Although the 2007 Tabasco floods are an exceptional example of the damage a single natural disaster can cause, natural disasters are commonplace in Mexico. Approximately 41 percent of Mexico’s territory and 31 percent of its population are exposed to a range of natural hazards, including hurricanes, storms, floods, earthquakes and volcanic eruptions. Between 1970 and 2009, natural disasters affected almost 60 million people in Mexico, a figure that could easily increase due to the impact of climate change on the intensity and frequency of natural hazards.
Disasters impose a significant burden on the federal government’s budget. From 1999 to 2011, the cost of post-disaster reconstruction of public assets and low income housing, financed by the federal government, averaged US$1.46 billion per year. The government incurred the highest costs in 2010 when major floods generated rehabilitation needs exceeding US$5 billion. Mexico’s individual states also have a heavy burden to bear as a result of damages caused by disasters. Each year, the 32 states face contingent liabilities of over US$1 million for damages to state and municipally owned assets.
While the occurrence of a natural hazard could be considered exogenous, its transformation into a disaster is not. As Mexico’s population continues to grow, problems such as unplanned and unregulated land use, lack of environmental controls and poor building standards become exacerbated. These challenges, combined with a changing climate and increased climate variability, set the stage for increased losses and damages from natural events.
Mexico and the World Bank
For over a decade, the Government of Mexico and the World Bank have been working together to improve the country’s disaster risk management system and secure its economic and financial standing in the event of future disasters. Mexico has one of the most sophisticated financial protection strategies against disasters amongst middle-income countries, as part of their overall Civil Protection system. Over the years, it has been able to establish, and continuously improve, an effective system for allocating resources for emergency response, rehabilitation and reconstruction, built around the Natural Disasters Fund (FONDEN) and comprised of a variety of risk transfer instruments.
The country’s ongoing commitment to developing innovative and sustainable financial protection strategies against disasters has significantly secured the country’s ability to respond to human and infrastructure needs in the event of disasters. However, effective prevention and risk reduction and its linkages to the overall financial protection strategy against disasters remain the main challenge in disaster risk management for Mexico. Today, the collaboration between the Government of Mexico and the World Bank focuses on supporting this key challenge of gradually shifting from an ex-post response and reconstruction approach to disasters to an ex-ante prevention and risk reduction approach.

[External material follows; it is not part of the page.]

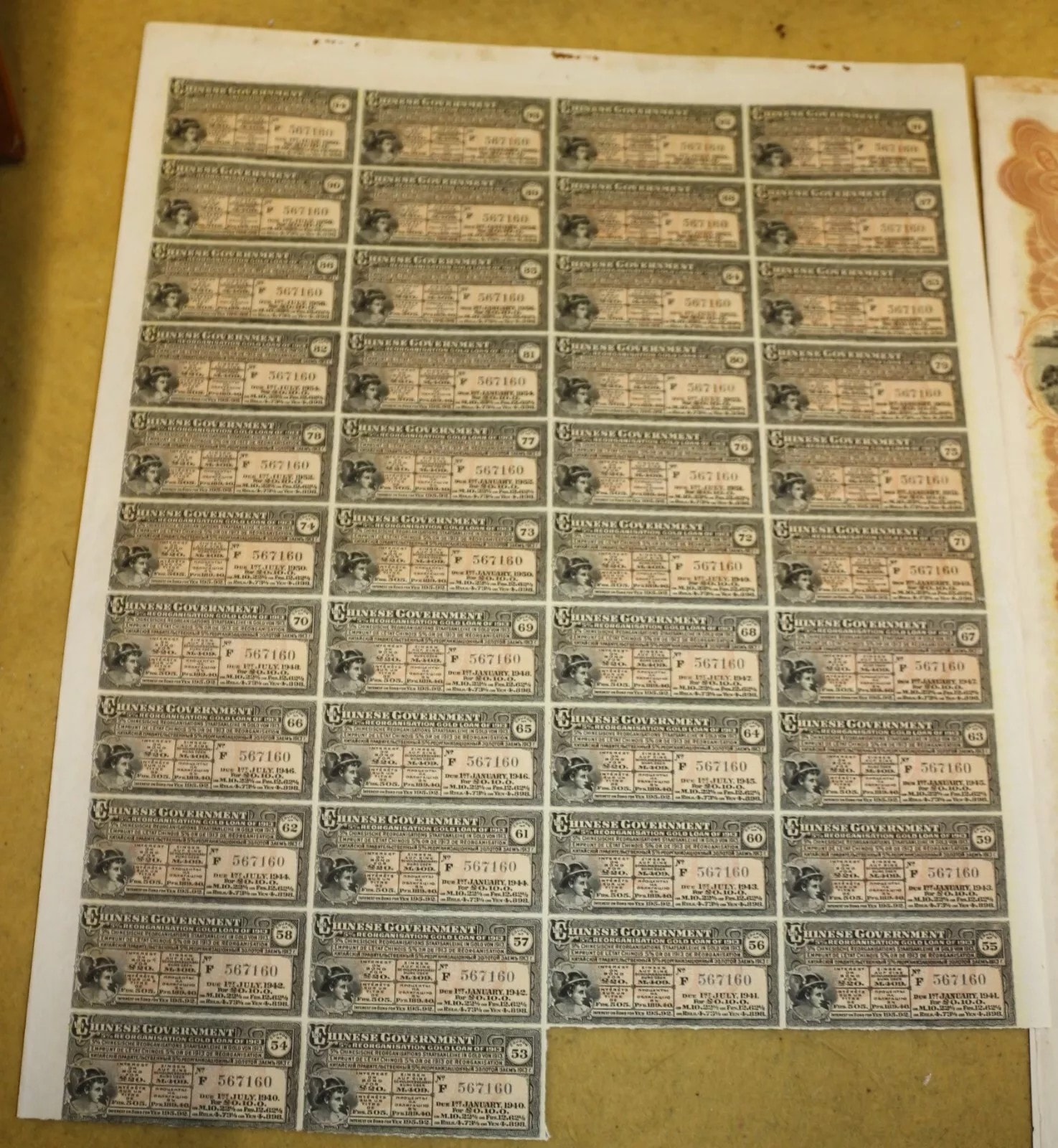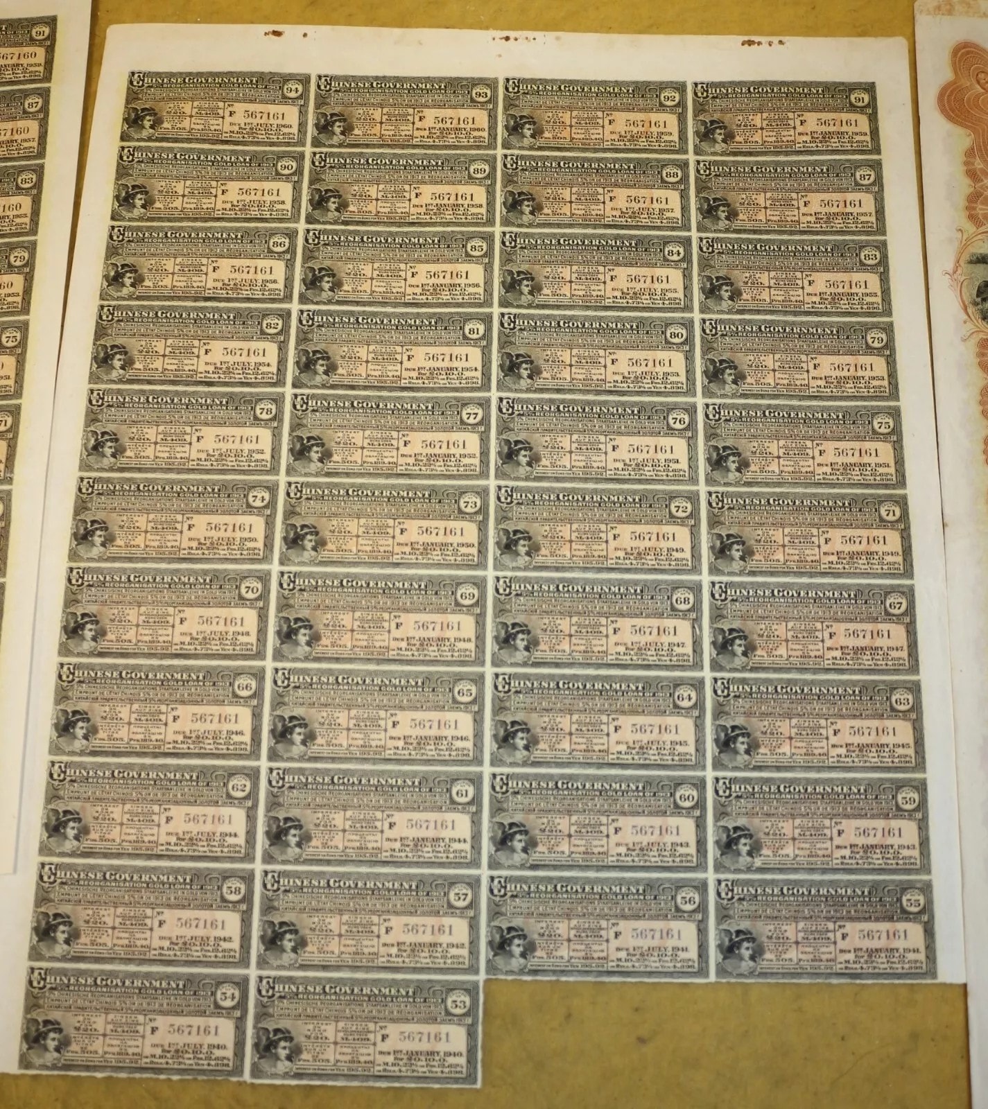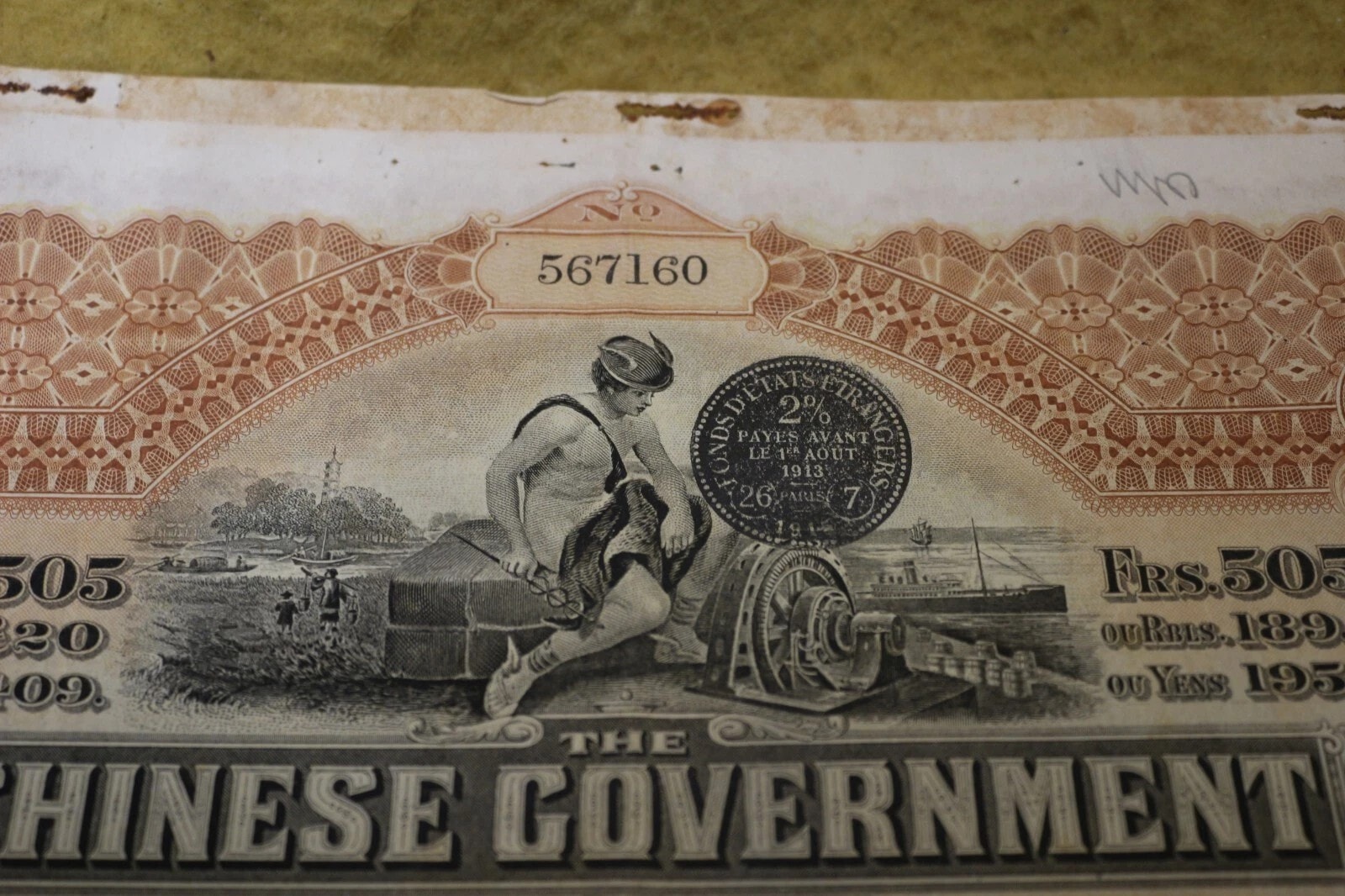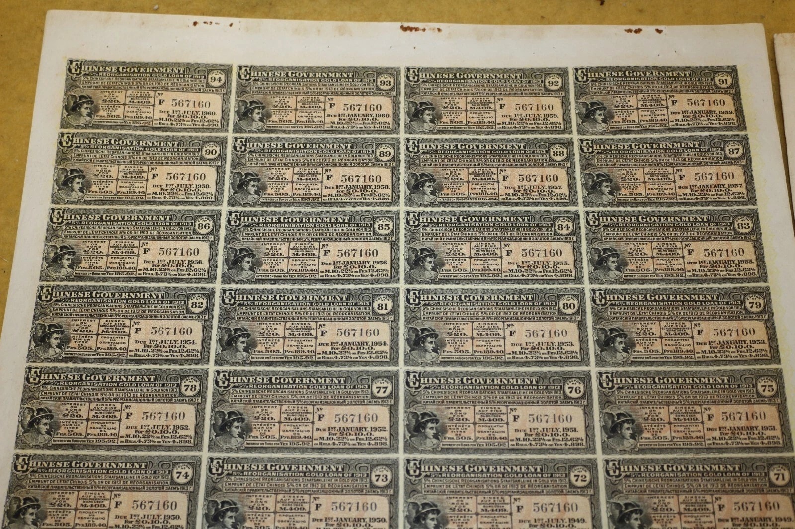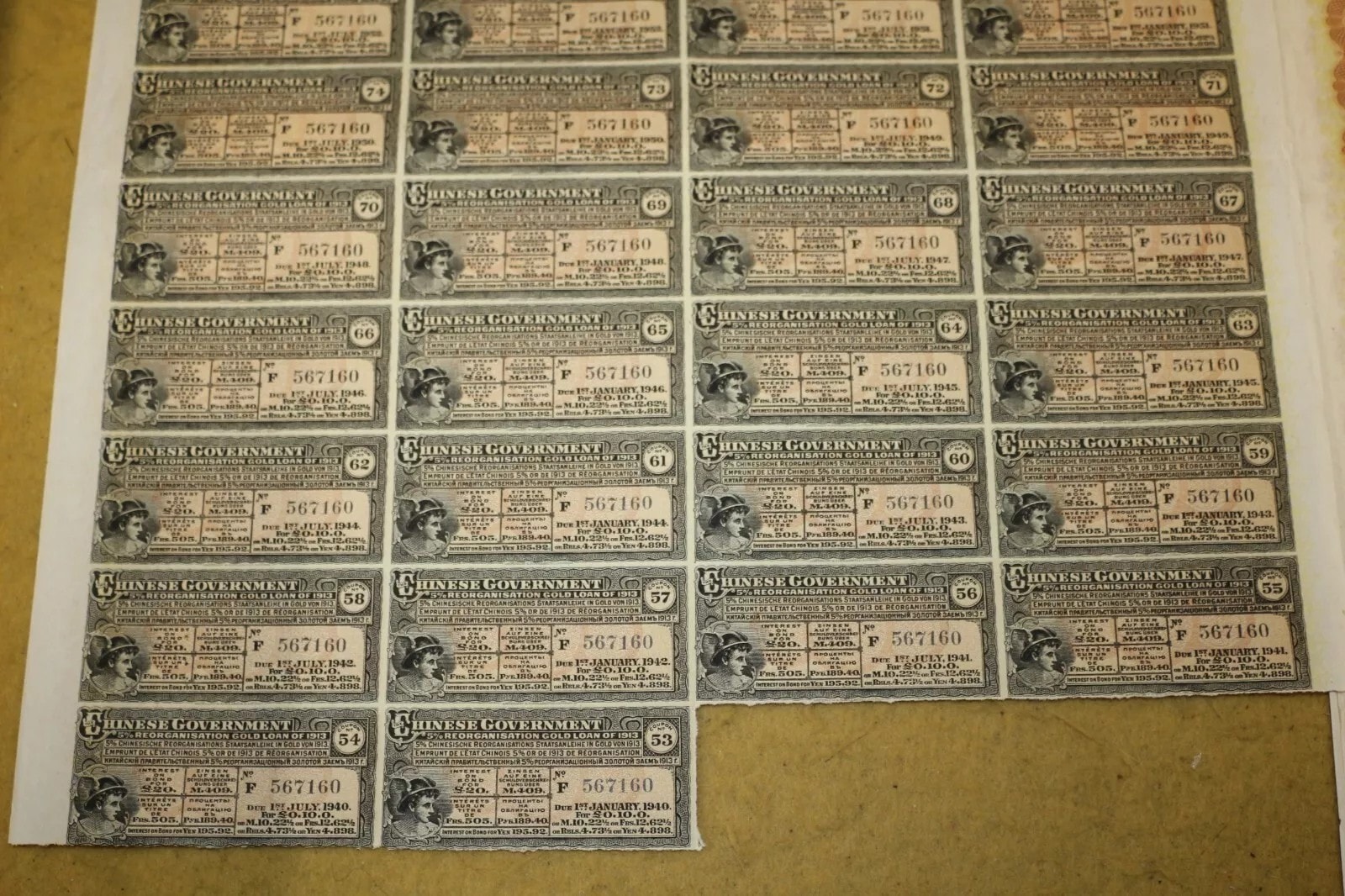 Three Chinese Government 5% Reorganisation Gold Loan of 1913 bonds, each valued at Frs. 505 (or equivalents in Sterling, Marks, Roubles, and Yen). The lot includes three sheets of corresponding, unsevered interest coupons. Printed on paper, the bonds feature an elaborate design with a central allegorical vignette and Chinese landscape scenes. They bear serial numbers 567160, 567161, and 567162. The documents are multilingual, presenting text in English, German, French, and Russian, and are marked with prominent red seals featuring Chinese characters, notably “中華民國之寶” (Seal of the Republic of China). Issued in 1913.

A New Programmatic Approach
In 2012, the World Bank renewed its commitment to the Government of Mexico through a new Programmatic Approach in Disaster Risk Management. A Programmatic Approach organizes different activities and projects under one overarching objective. It is designed to establish a more effective collaboration between the World Bank and Mexico’s government by allowing for flexibility and responsiveness to meet evolving needs within a particular subject. This ongoing partnership between Mexico’s government and the World Bank has served to increase the understanding of the country’s major disaster risk management levers; identify constraints and challenges that persist; and strengthen the capacity of key government stakeholders to advocate for, and implement, disaster preparedness and risk reduction measures.
This comprehensive approach is founded on three main pillars:
- Strengthening Mexico’s existing disaster risk management systems.
- Supporting disaster and climate resilience activities across a wide range of sectors.
- Fostering collaboration, exchanges and partnerships around disaster risk management within the region and beyond.
Pillar 1: Strengthening Mexico’s existing disaster risk management systems
Under Pillar 1, the Government of Mexico and the World Bank seek to deepen understanding and broaden integration of disaster risk reduction measures in federal investments and improve monitoring and evaluation of financial protection strategies against disasters. They also aim to strengthen the capacity of state-level governments to assess, understand and manage fiscal disaster risk. Some activities involved in this process include:
- Analyzing the Federal Government’s investments in prevention and disaster risk reduction over a five-year period.
- Assessing the use of hazard and risk information - including geo-spatial, financial, actuarial and socio-economic information - in the Federal Government’s decision-making on disaster risk prevention and reduction.
- Assessing the impacts of investments through a number of case studies, as in the case study of Tabasco (see below).
- Formulating a strategy for integrated disaster risk financing at the subnational level through the development of a joint catastrophe risk transfer mechanism for Mexican States.
Disaster Risk Reduction and Prevention: The Case of Tabasco
In 2007, following the debilitating floods in Mexico’s state of Tabasco, President Felipe Calderon pledged to rebuild. Through the National Water Commission (CONAGUA), the federal government and the government of Tabasco worked together to design and implement the Integrated Hydraulic Plan of Tabasco (PHIT for its acronym in Spanish) which included short and medium term measures to reduce the risk of floods. These measures involved improving the overall hydraulic infrastructure of the state, optimizing the use of water resources and relocating the population to areas less prone to flooding.